Complete step by step answer:
From the question, we know that the particle is moving in the uniform magnetic field perpendicular to their velocity. So, when the charged particles enter a magnetic field, then a force acts on the particle which will act as centripetal force.
$\therefore qvB = \dfrac{{m{v^2}}}{r} \\\ \Rightarrow r = \dfrac{{mv}}{{qB}} \cdots \left( 1 \right) \\\$
It is also given in the question, ${H^ + },H{e^ + }$ and ${O^{2 + }}$ all have the same kinetic energy. So, let the kinetic energy be $K$.
We know that –
$K = \dfrac{1}{2}m{v^2} \\\ \Rightarrow {v^2} = \dfrac{{2K}}{m} \\\ \therefore v = \dfrac{{\sqrt {2K} }}{m} \cdots \left( 2 \right) \\\$
Putting the value of $v$ from equation $\left( 2 \right)$ in equation $\left( 1 \right)$, we get –
$\Rightarrow r = \dfrac{m}{{qB}}\sqrt {\dfrac{{2K}}{m}} \\\ \Rightarrow r = \dfrac{m}{{qB\sqrt m }}\sqrt {2K} \\\ \Rightarrow r = \dfrac{{\sqrt {2Km} }}{{qB}} \\\ \Rightarrow r = \dfrac{{\sqrt {2K} }}{B} \times \dfrac{{\sqrt m }}{q} \\\$
In the above expression, we can see that, $\dfrac{{\sqrt {2K} }}{B}$ is the constant value as the kinetic energy is also the same.
$\therefore r\alpha \dfrac{{\sqrt m }}{q} \cdots \left( 3 \right)$
Now, according to the question, we know that masses of ${H^ + },H{e^ + }$ and ${O^{2 + }}$ are $1$, $14$ and $16amu$ respectively.
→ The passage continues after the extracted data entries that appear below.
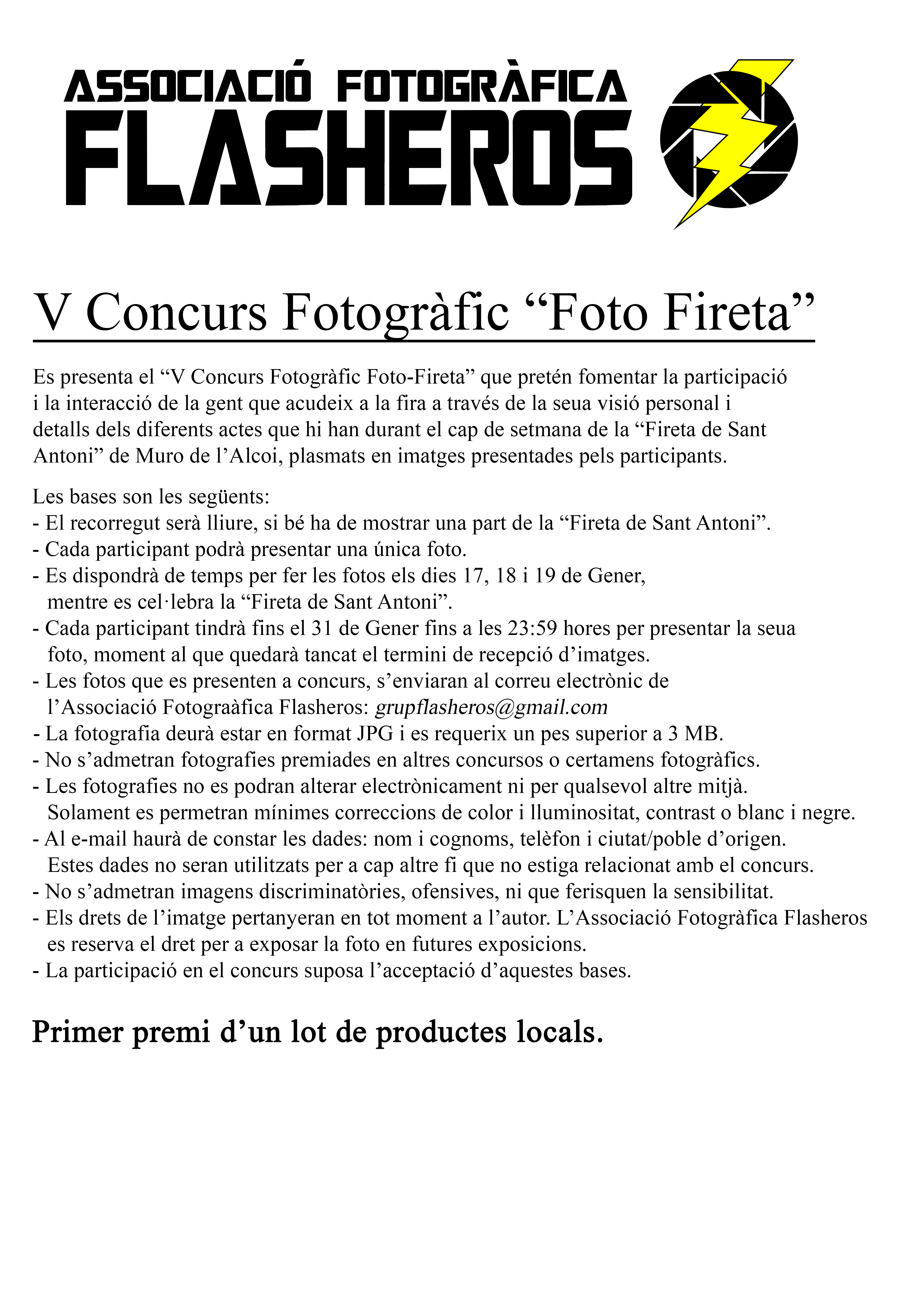 8 enero, 2020La quinta edició del concurs Foto-Fireta tindrà lloc els propers dies 17, 18 i 19 de Gener a Muro d’Alcoi amb la cel·lebració de la Fira de Sant Antoni. Durant aquestos dies, la gent que vullga concursar haura de realitzar les seues fotos, ensenyan’t la seua visió de la fira i enviar-les al e-mail grupflasheros@gmail.com per poder participar.
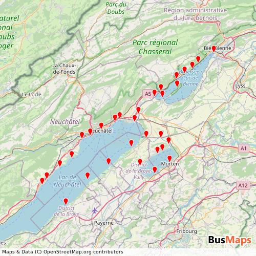Lacs de Neuchâtel et Morat operates in the following cities: Neuchatel.
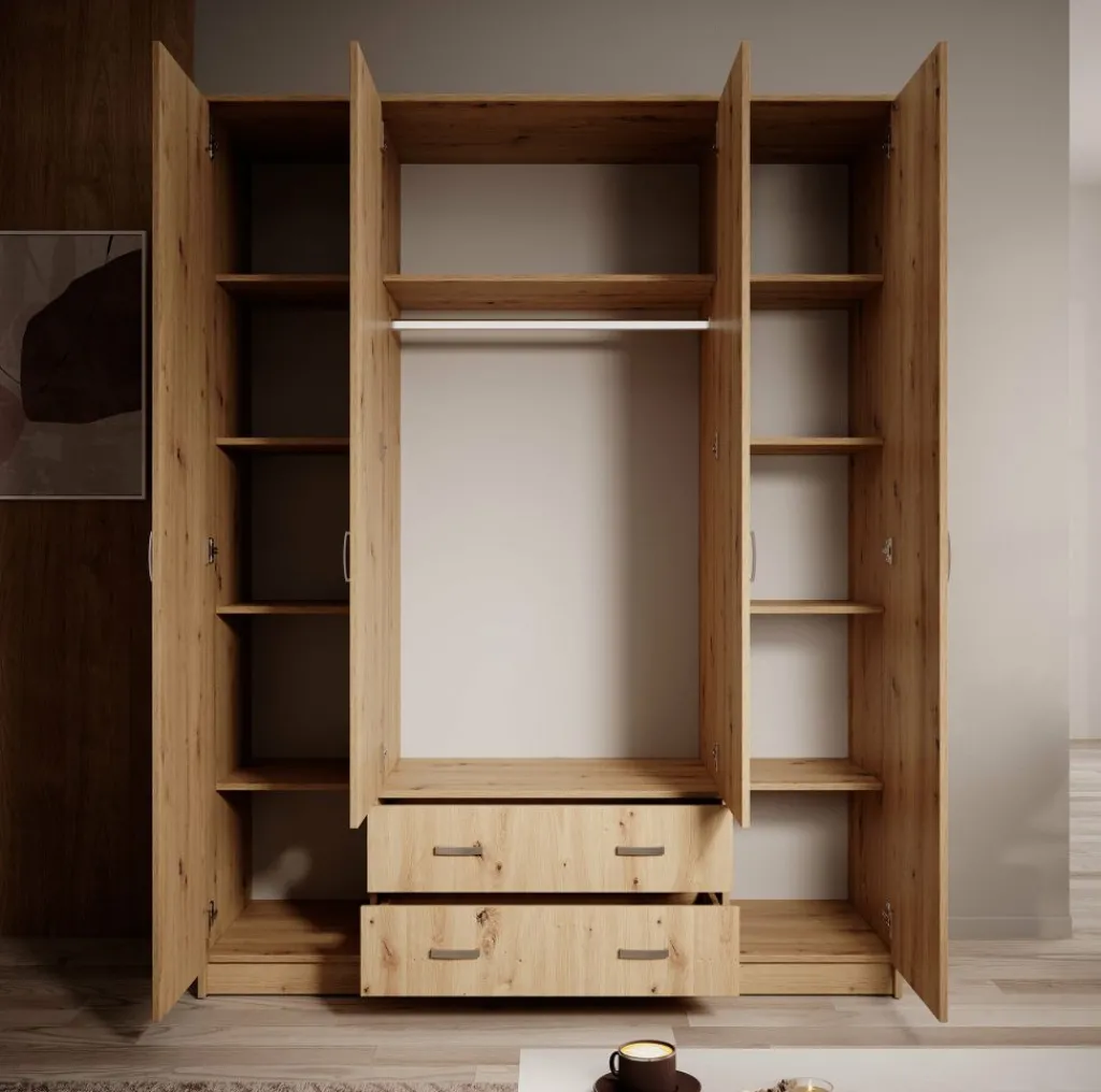 De Hinto is uitgevoerd met een eikenkleurige lamineer laag. Hierdoor krijgt de kast de uitstraling van echt hout.
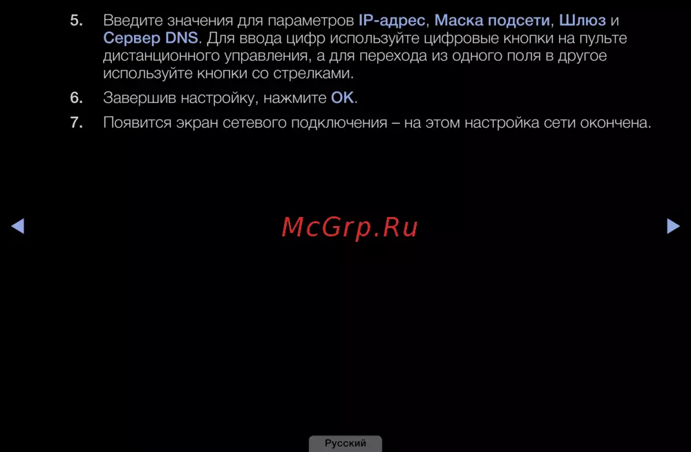 Сервер❑DNS. Для ввода цифр используйте цифровые кнопки на пульте
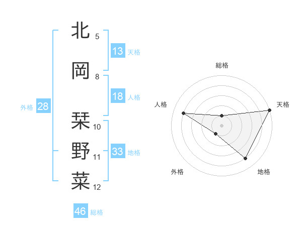 北岡 栞野菜さんを姓名の画数から五運を鑑定
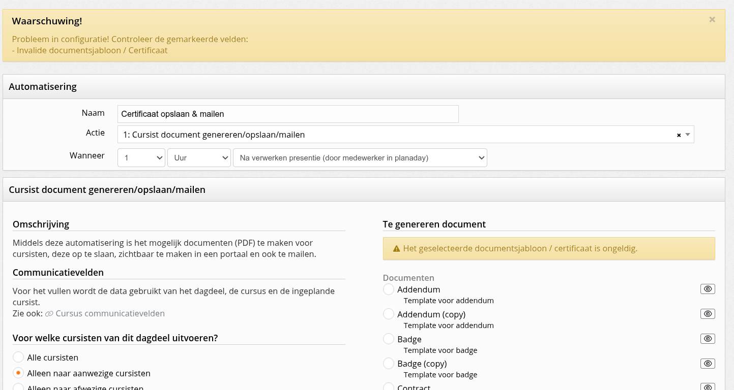 Hoe graag we ook voorkomen dat de automatiseringen mislopen, is dat helaas niet altijd mogelijk. Daarom zitten we ook nog aan het volgende te denken: een wekelijks rapport genereren wat gemaild kan worden met daarin een overzicht van automatiseringen bij cursussjablonen of ingeplande cursussen in de toekomst die een probleem hebben zodat je tijdig actie kunt ondernemen en daardoor problemen kunt voor zijn!
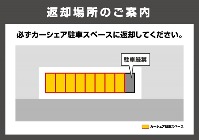 カーシェア専用駐車スペース以外には駐車できませんので、必ず元の場所にお戻しください。No.11区画は一般の月極区画ですので駐車厳禁です。
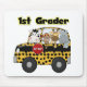Zootiere einschließlich einen Zebra, einen Affen, eine Giraffe und eine Flusspferdfahrt der gelbe Schulbus zum 1. Grad auf unseren Zoo-Tier-1. Grad-T - Shirts, Tassen, Karten, Aufkleber, Tasche bauscht sich, Sweatshirts und anderer Gang des ersten Grades.
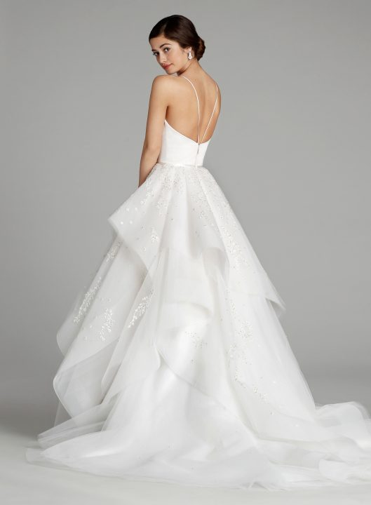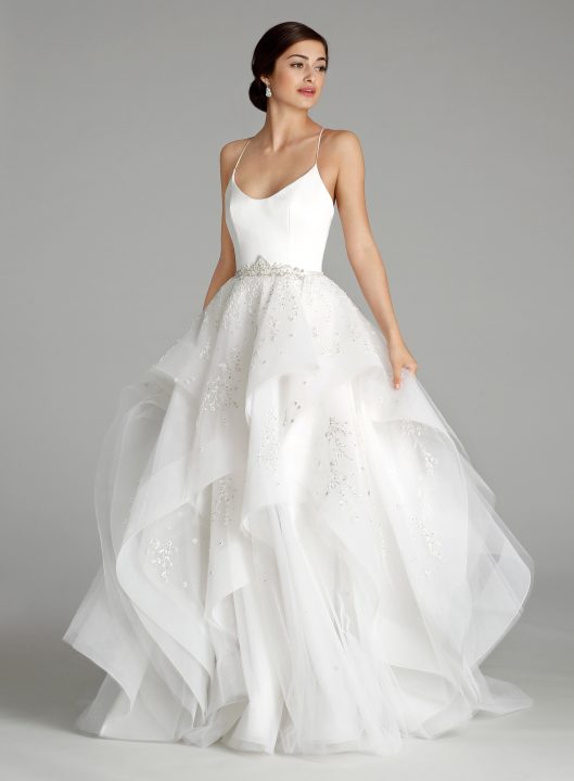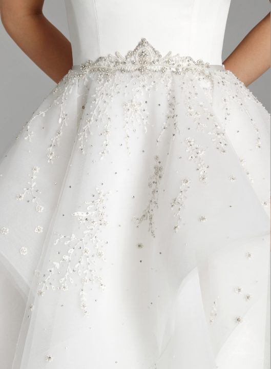 Il primo modello è davvero un abito da sposa da fiaba con gonna a strati asimmetrici in tulle e corpetto in duchesse di seta, lo scollo è da ballerina e le spalline sottili, mentre una cascata di ricami scintillanti arricchisce la gonna.
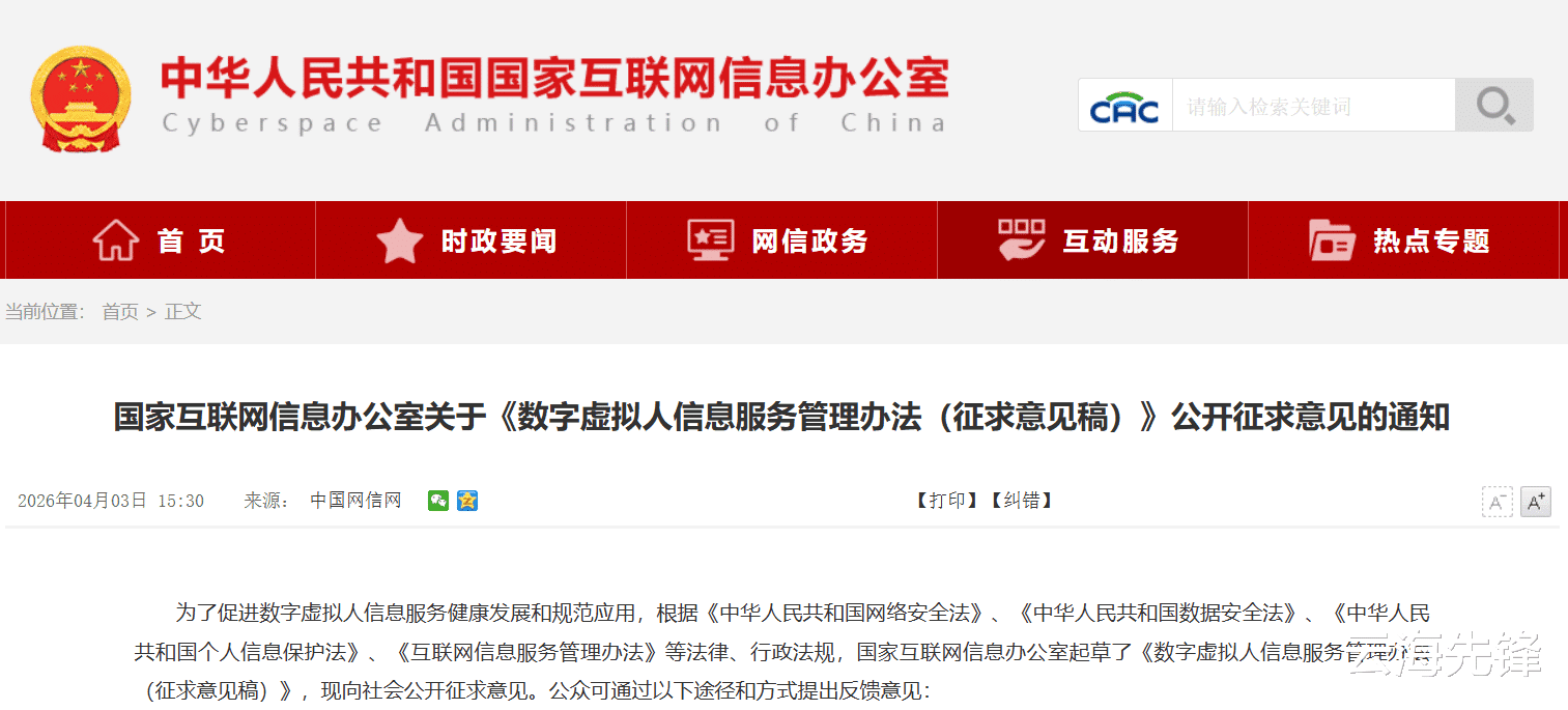 4月3日,国家互联网信息办公室发布《数字虚拟人信息服务管理办法(征求意见稿)》(以下简称征求意见稿),面向社会公开征求意见,意见反馈截止时间为2026年5月6日。
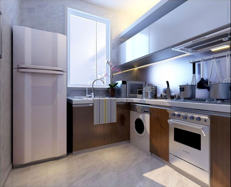 廚房中并沒(méi)有太多的中式元素,整個(gè)風(fēng)格比較簡(jiǎn)約現(xiàn)代
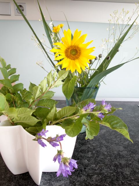 Ma copine i. est là cette semaine ici et on se promène, on cuisine et on travaille ensemble. Vendredi nous sommes allées ramasser des fleurs au ‘Mont Totoro’ et j’ai essayé de faire de petits bouquets à la japonaise. Bernie est revenu de New York samedi matin… ‘Welcome home! ‘ et ‘back to normal’.
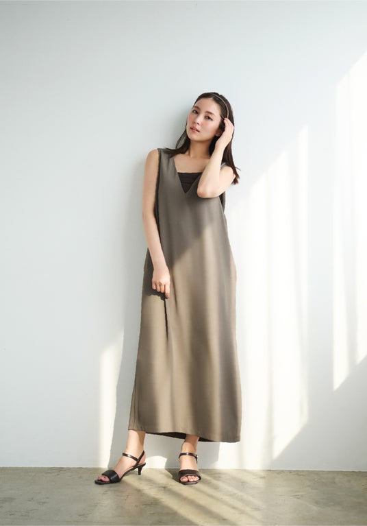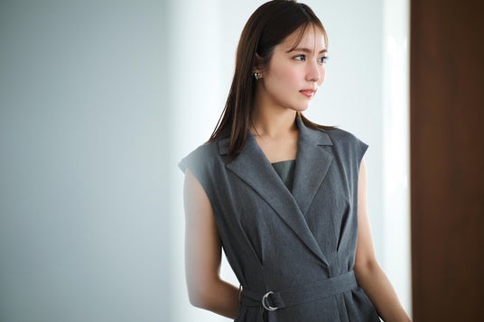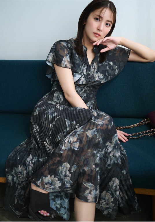 2. 前後2WAYで着られる美シルエットのドレスは都会的に着られる秋色を選択
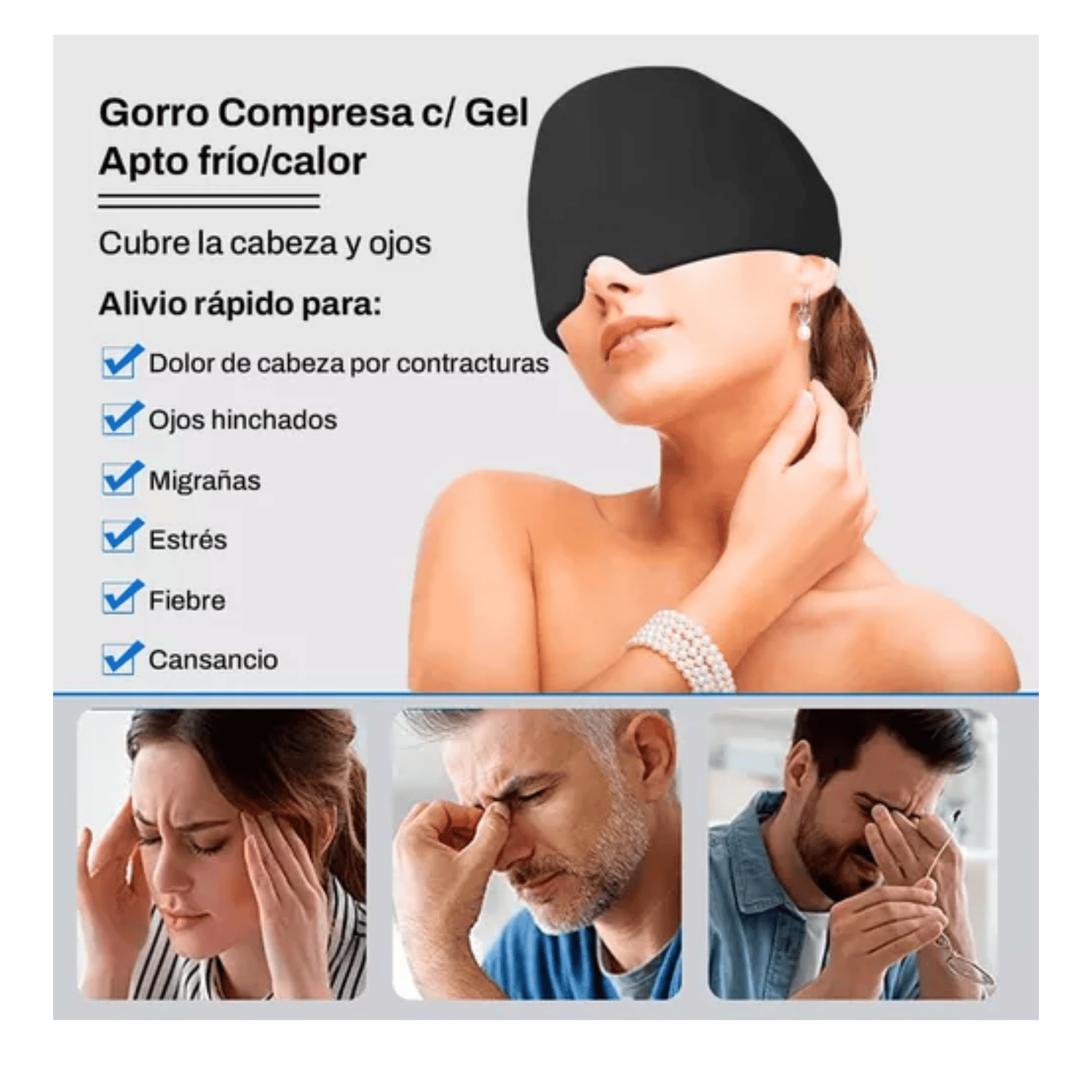 GORRO ANTIFAZ GEL MIGRAÑA FRIO CALOR REUTILIZABLE F1024
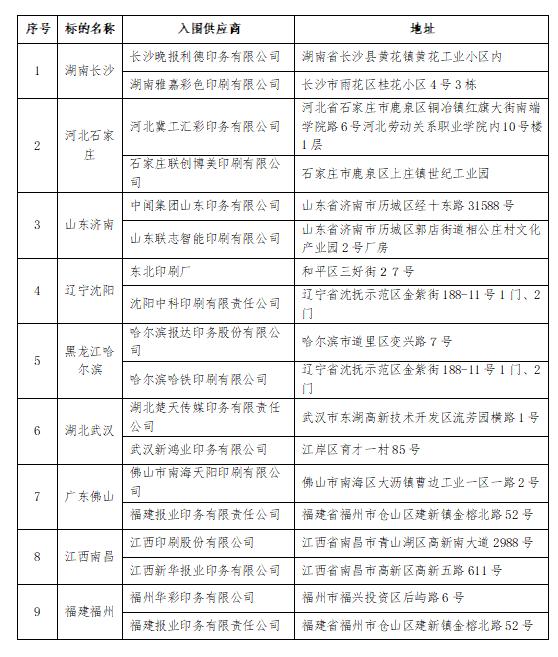 湖南快樂老人傳媒有限公司報社印刷業務供應商庫采購項目于2025年12月26日結束,現將入圍結果公告如下:
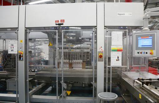 The Sigpack TTM toploader design incorporates a Nordson hot-melt applicator for inline gluing of the pre-loaded cracker boxes.
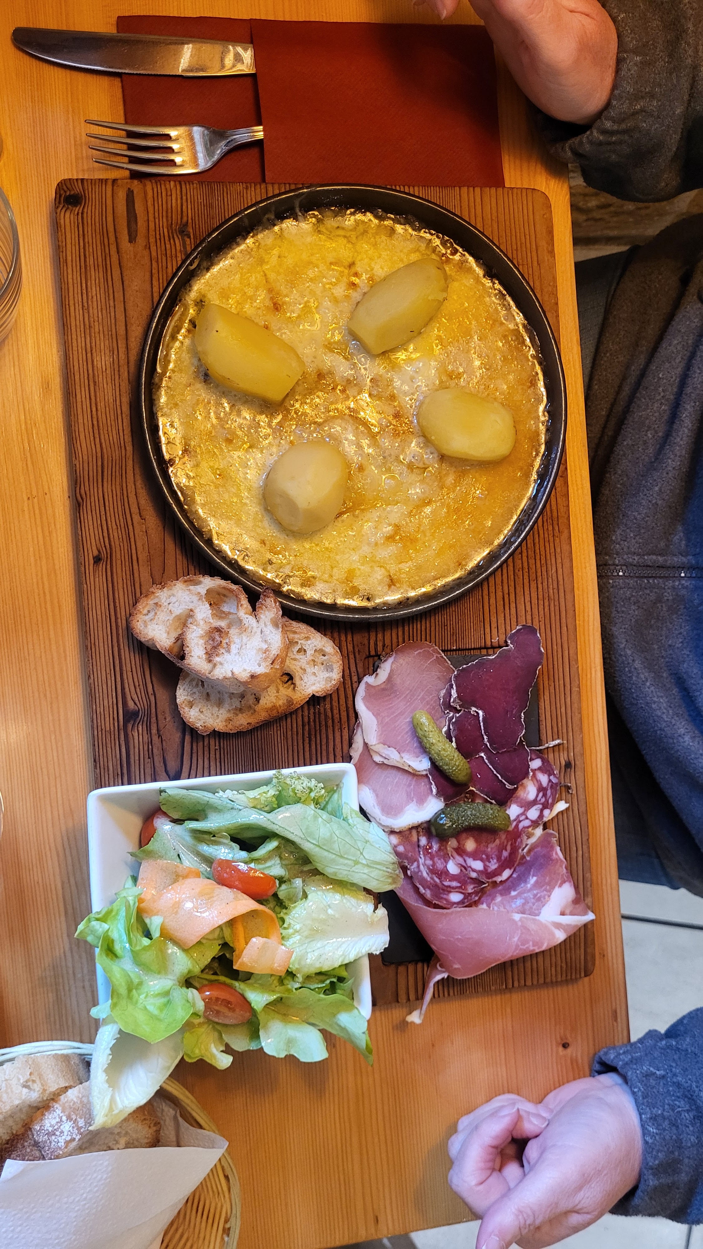 Superbe soirée où nous avons dégusté des tartiflettes cèpes et chèvres excellentes sans compter sur le dessert petit chaperon rouge à ne pas manquer... Merci aussi pour les chiens A bientôt Finalement on y retourne ce soir.... Ce soir fondue très copieuse avec jambon pays. Petite préférence pour la tartiflette hier qui est sublime 👍 Merci pour votre accueil très chaleureux A bientôt 😍

So, putting values for ${H^ + },H{e^ + }$ and ${O^{2 + }}$ in equation $\left( 3 \right)$, we get –
$\Rightarrow {r_{{H^ + }}}\alpha \dfrac{{\sqrt 1 }}{1} \\\ \therefore {r_{{H^ + }}}\alpha 1 \\\$
$\Rightarrow {r_{H{e^ + }}}\alpha \dfrac{{\sqrt 4 }}{1} \\\ \therefore {r_{H{e^ + }}}\alpha 2 \\\$, and
$\Rightarrow {r_{{O^{2 + }}}}\alpha \dfrac{{\sqrt {16} }}{2} \\\ \therefore {r_{{O^{2 + }}}}\alpha 2 \\\$
Therefore, from the above we can conclude that $H{e^ + }$ and ${O^{2 + }}$ will get deflected equally and since the radius of ${H^ + }$ is smallest it will deflect most.

Hence, the correct option is (A) and (C).

Note: - Remember that it is given in the question that kinetic energy is the same for all and particles pass through the region of uniform magnetic field. Since, the magnetic field is uniform it is also constant and kinetic energy is also constant for this. So, $\dfrac{{\sqrt {2K} }}{B}$ is made as constant.